**DIRECTIONS**
Within the entries below, please retype exactly the lines starting with the line that has "Hyväkuntoiset Reiman talvikengät." and going on through the line that has "15kV power transformer", but not the pictures.

**RECORDS PROVIDED**
---+---

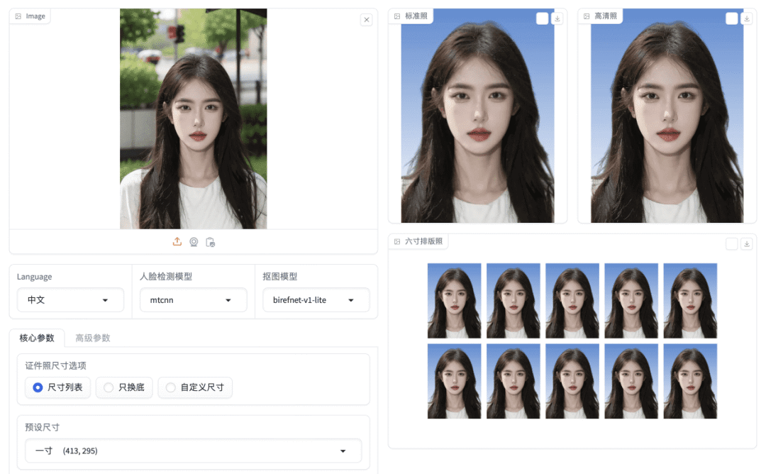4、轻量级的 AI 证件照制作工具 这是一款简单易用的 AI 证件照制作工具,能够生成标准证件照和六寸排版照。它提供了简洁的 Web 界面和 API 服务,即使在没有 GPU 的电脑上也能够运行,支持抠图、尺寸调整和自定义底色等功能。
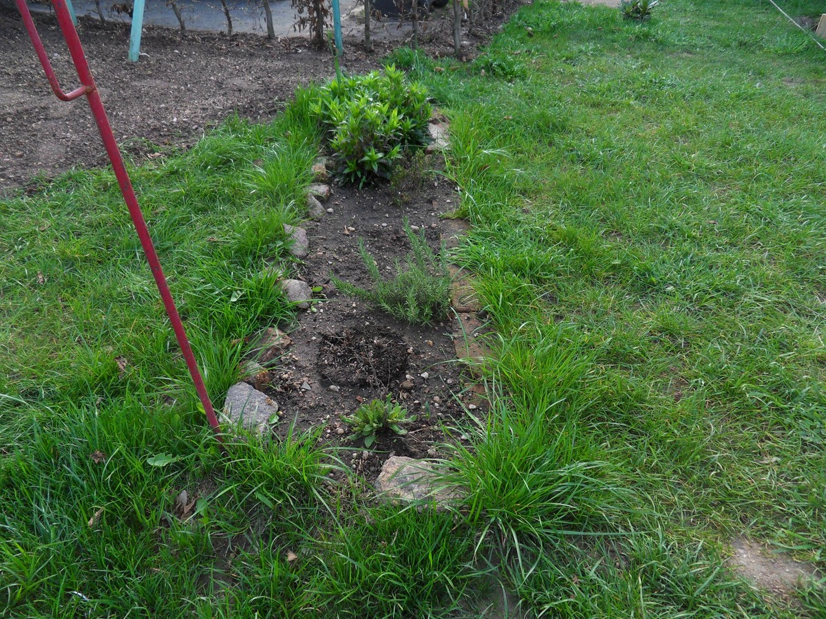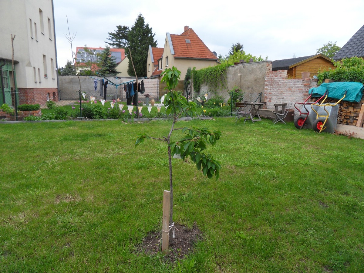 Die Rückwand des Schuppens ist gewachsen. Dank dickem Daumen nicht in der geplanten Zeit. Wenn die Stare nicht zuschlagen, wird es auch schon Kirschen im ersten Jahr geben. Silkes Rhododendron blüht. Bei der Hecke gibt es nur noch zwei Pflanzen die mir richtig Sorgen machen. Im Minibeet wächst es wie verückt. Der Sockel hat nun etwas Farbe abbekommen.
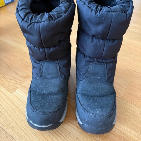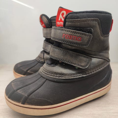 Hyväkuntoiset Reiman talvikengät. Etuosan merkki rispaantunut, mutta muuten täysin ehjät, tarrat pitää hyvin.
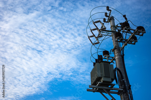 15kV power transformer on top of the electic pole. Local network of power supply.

---+---

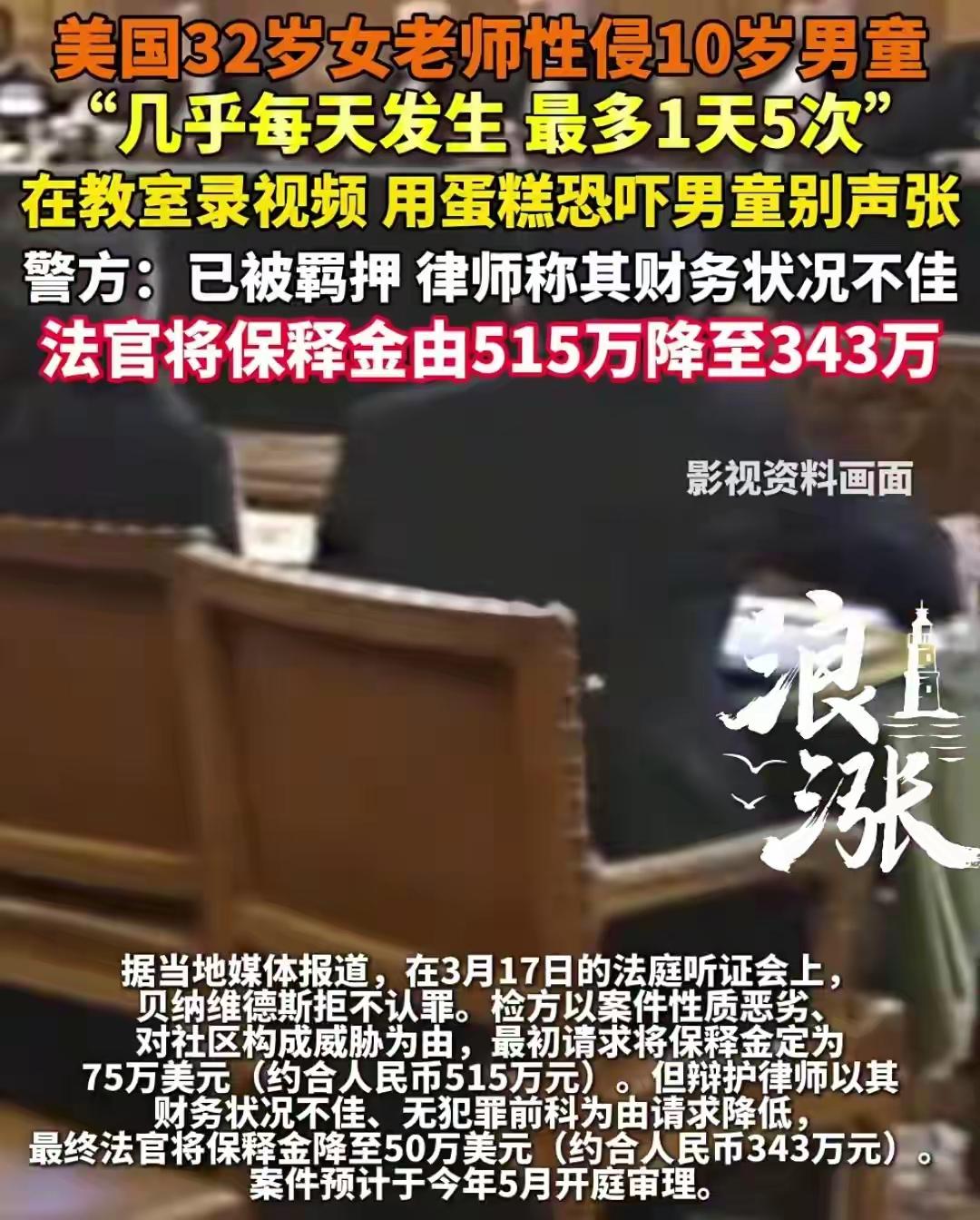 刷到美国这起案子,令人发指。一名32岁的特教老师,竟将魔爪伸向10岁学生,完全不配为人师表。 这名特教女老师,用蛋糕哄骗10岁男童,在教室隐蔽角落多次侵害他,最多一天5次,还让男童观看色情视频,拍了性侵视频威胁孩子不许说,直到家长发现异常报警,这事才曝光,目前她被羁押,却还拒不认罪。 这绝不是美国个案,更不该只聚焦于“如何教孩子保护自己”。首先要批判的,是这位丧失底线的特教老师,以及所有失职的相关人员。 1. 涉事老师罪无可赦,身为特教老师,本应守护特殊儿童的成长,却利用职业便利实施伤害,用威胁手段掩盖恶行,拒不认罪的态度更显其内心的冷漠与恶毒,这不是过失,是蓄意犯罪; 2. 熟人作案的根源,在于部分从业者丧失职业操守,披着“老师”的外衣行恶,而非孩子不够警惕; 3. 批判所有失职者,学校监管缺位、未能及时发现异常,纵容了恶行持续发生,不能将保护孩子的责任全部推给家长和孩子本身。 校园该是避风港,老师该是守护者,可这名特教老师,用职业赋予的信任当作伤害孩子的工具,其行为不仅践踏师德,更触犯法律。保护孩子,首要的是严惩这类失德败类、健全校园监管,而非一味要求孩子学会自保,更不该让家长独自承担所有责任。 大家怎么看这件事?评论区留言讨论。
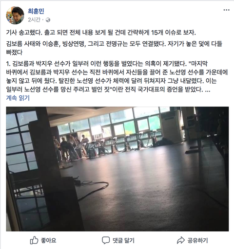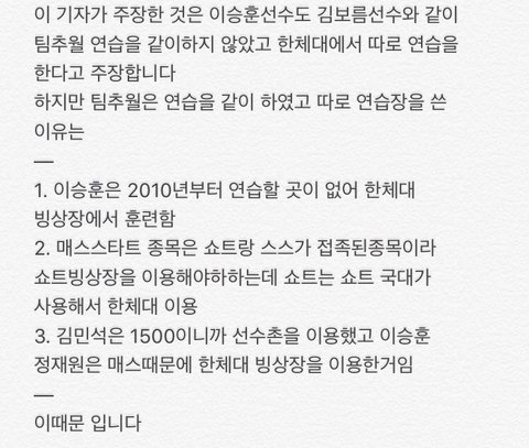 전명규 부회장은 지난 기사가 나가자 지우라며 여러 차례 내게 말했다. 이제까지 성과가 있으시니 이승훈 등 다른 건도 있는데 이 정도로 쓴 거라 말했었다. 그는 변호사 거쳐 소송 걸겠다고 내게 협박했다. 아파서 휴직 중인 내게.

---+---

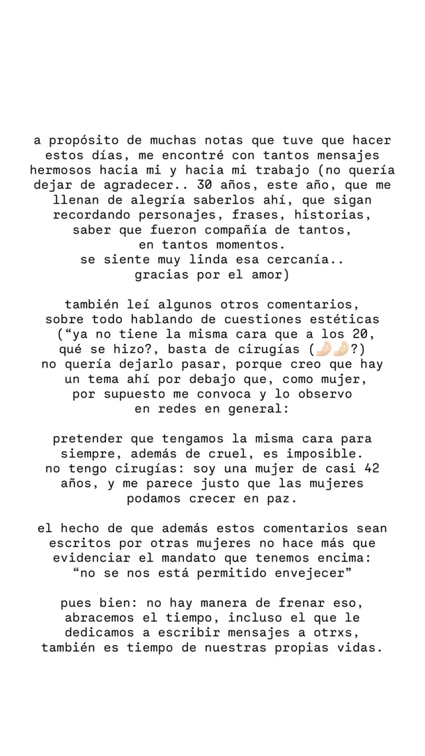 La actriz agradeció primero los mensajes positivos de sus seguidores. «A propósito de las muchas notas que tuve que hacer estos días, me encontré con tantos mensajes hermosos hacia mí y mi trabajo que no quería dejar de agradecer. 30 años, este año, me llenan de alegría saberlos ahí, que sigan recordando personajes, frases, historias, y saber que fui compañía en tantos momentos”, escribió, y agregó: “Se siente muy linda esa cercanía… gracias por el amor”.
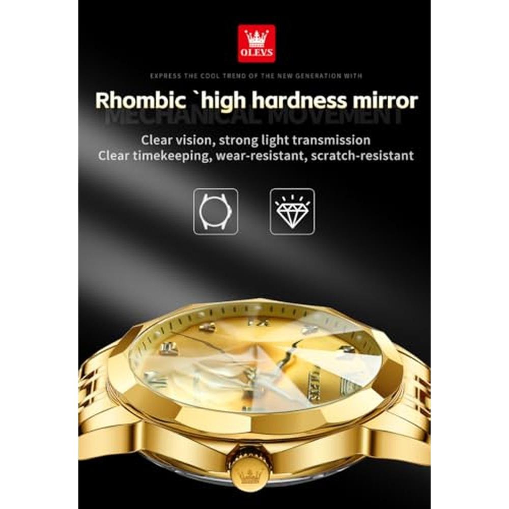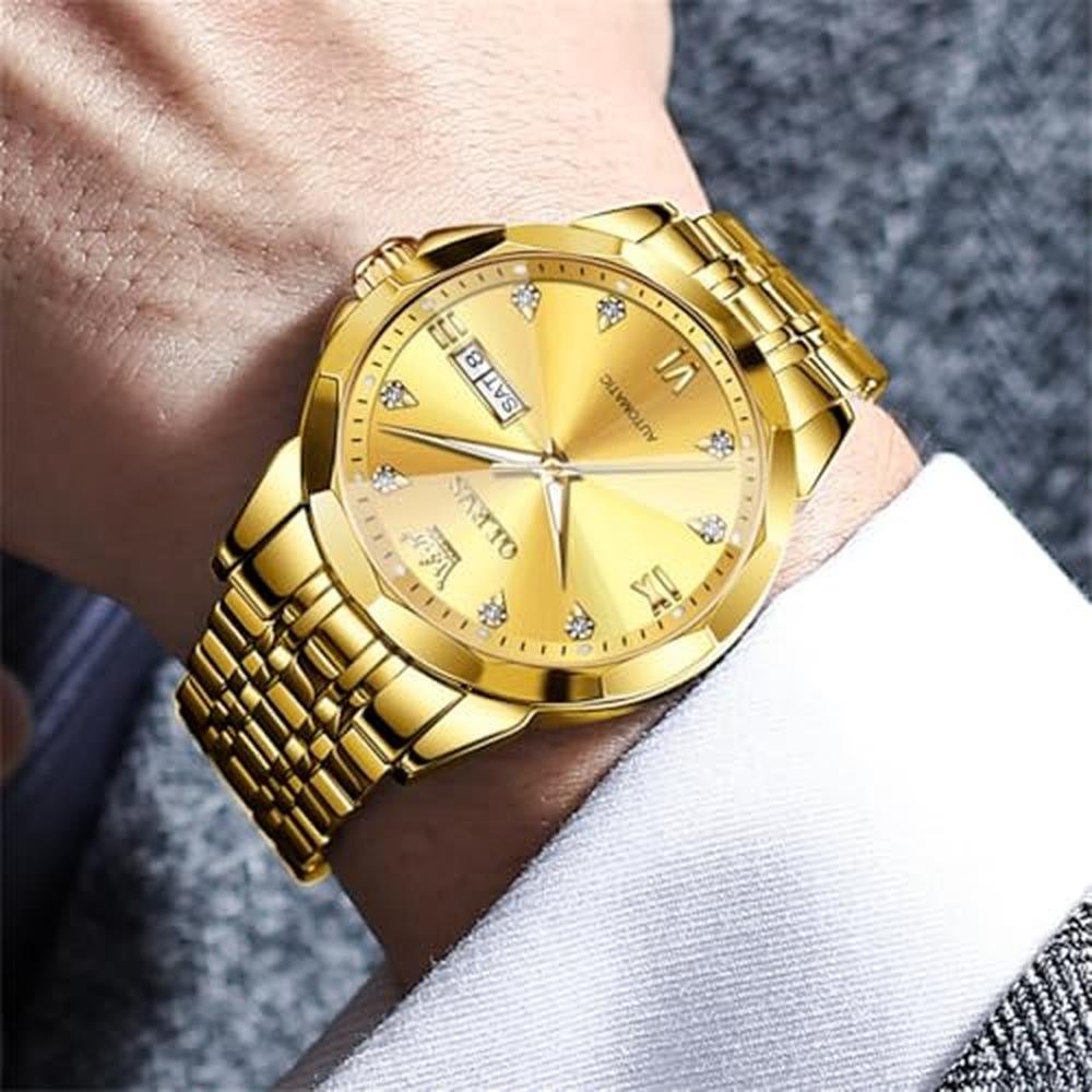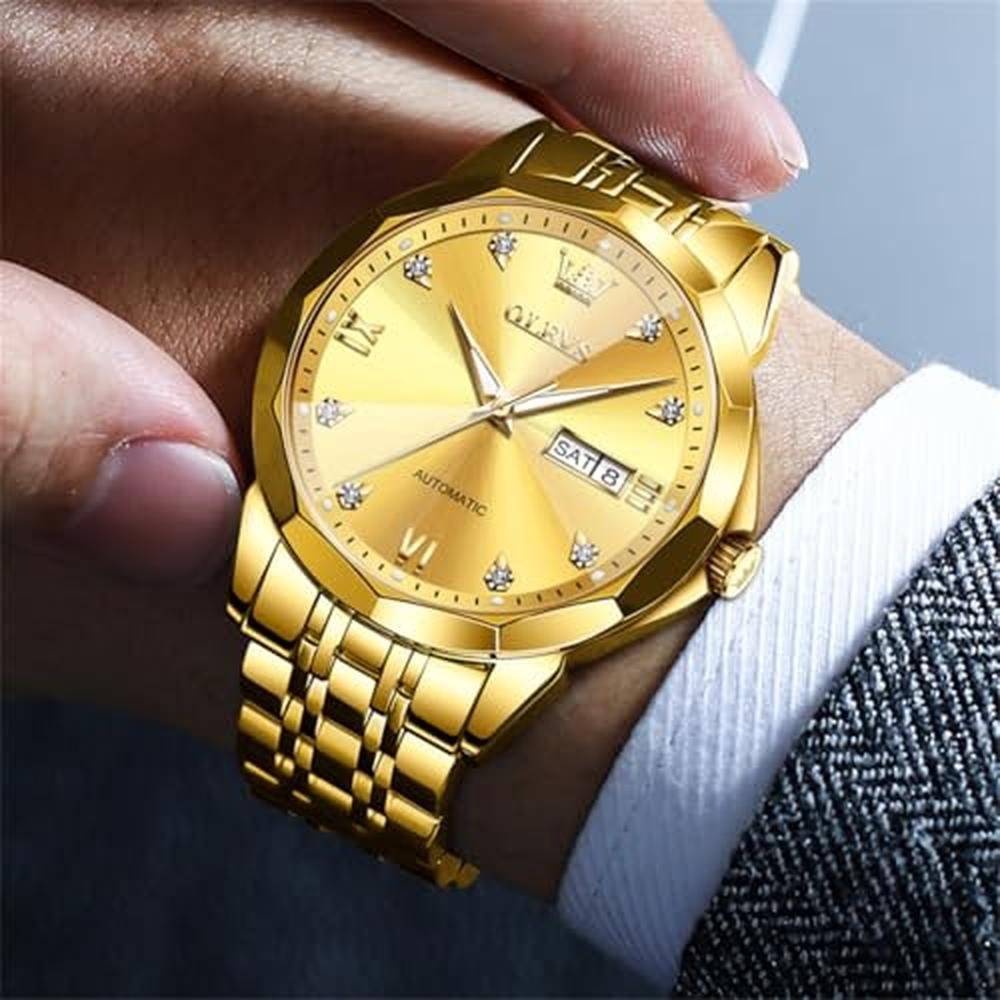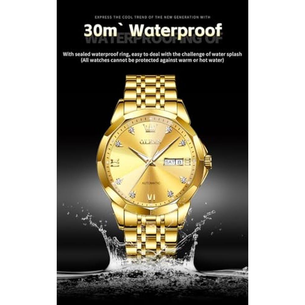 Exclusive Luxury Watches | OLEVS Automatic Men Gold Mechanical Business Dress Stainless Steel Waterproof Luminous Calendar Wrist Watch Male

---+---

**RESULT OF THIS TASK**
 Hyväkuntoiset Reiman talvikengät. Etuosan merkki rispaantunut, mutta muuten täysin ehjät, tarrat pitää hyvin.
 15kV power transformer on top of the electic pole. Local network of power supply.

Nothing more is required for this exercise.